CITI Talk: “Clustering and Data Anonymization by Mutual Information”, Pablo Piantanida, Associate Professor at CentraleSupélec, TD D

Title
Clustering and Data Anonymization by Mutual Information

Abstract
In this talk, we first introduce  the Shannon theoretic
multi-clustering problem and investigate its properties, uncovering
connections with many other coding problems in the literature. The figure
of merit for this information-theoretic problem is mutual information, the
mathematical properties of which make the multi-clustering problem amenable
to techniques that could not be used in a general rate-distortion setting.

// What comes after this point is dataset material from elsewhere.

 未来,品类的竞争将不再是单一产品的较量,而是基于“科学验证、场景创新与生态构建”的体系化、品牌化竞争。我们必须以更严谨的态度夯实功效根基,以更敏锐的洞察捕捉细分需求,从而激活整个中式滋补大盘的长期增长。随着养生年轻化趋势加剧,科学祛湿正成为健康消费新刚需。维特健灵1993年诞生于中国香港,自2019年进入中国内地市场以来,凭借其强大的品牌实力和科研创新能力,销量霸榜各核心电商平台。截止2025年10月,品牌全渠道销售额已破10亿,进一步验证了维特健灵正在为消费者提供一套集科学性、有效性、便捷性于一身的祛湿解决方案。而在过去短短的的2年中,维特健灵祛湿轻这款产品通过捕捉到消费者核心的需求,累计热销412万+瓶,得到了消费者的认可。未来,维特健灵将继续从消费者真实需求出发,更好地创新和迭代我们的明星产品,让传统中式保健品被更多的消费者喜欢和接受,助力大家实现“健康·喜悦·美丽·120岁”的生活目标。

We start by considering the case of two sources, where we derive
singleletter bounds for the achievable region by connecting our setting to
hypothesis testing and pattern recognition recognition problems in the
information theory literature. We then generalize the problem setup to an
arbitrary number of sources and study a CEO problem with logarithmic loss
distortion and multiple description coding. Drawing from the theory of
submodular functions, we prove a tight inner and outer bound for the
resulting achievable region under a suitable conditional independence
assumption. Furthermore, we present a proof of the well-known two-function
case of a conjecture by Kumar and Courtade (2013), showing that the
dictator functions are essentially the only Boolean  functions maximizing
mutual information.  The key step in our proof is a careful analysis of the
Fourier spectrum of the two Boolean functions. Finally, we study
information-theoretic applications to the problem of statistical  data
anonymization via mutual information and deep learning methods in which the
identity of the data writer must remain private even from the learner.

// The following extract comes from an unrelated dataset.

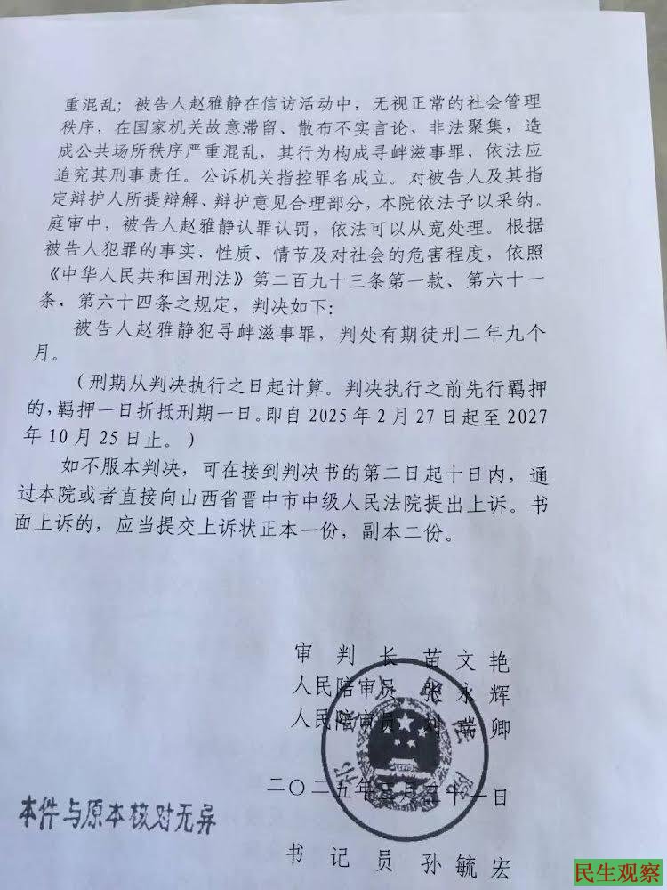2025年2月27日,赵雅静被祁县公安局抓捕,羁押于晋中市看守所,后被祁县法院以寻衅滋事罪判处两年零九个月有期徒刑。刑期自2025年2月27日起至2027年10月25日止。

Joint works with Dr. Georg Pichler (TU Wien, Austria), Prof. Gerald Matz
(TU Wien, Austria),  Clément Feutry (CentraleSupélec, France) and Yoshua
Bengio (Montréal, Canada)

Short biography
Pablo Piantanida received both B.Sc. in Electrical
Engineering and B.Sc. in Mathematics degrees from the University of Buenos
Aires (Argentina) in 2003, and the Ph.D. from Université Paris-Sud (Orsay,
France) in 2007. Since October 2007 he has joined the Laboratoire des
Signaux et Systèmes (L2S), at CentraleSupélec together with CNRS (UMR 8506)

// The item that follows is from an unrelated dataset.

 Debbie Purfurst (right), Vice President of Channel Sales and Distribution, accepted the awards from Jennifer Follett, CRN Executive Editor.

and Université Paris-Sud, as an Associate Professor of Network Information
Theory. He is an IEEE Senior Member, coordinator of the Information Theory
and its Applications group (ITA) at L2S, and  coordinator of the
International Associate Laboratory (LIA) of the CNRS “Information, Learning
and Control” with several institutions in Montréal and General Co-Chair of
the 2019 IEEE International Symposium on Information Theory (ISIT). His
research interests lie broadly in information theory and its interactions
with other fields, including multi-terminal information and Shannon theory,
machine learning, statistical inference, communication mechanisms for
security and privacy, and representation learning.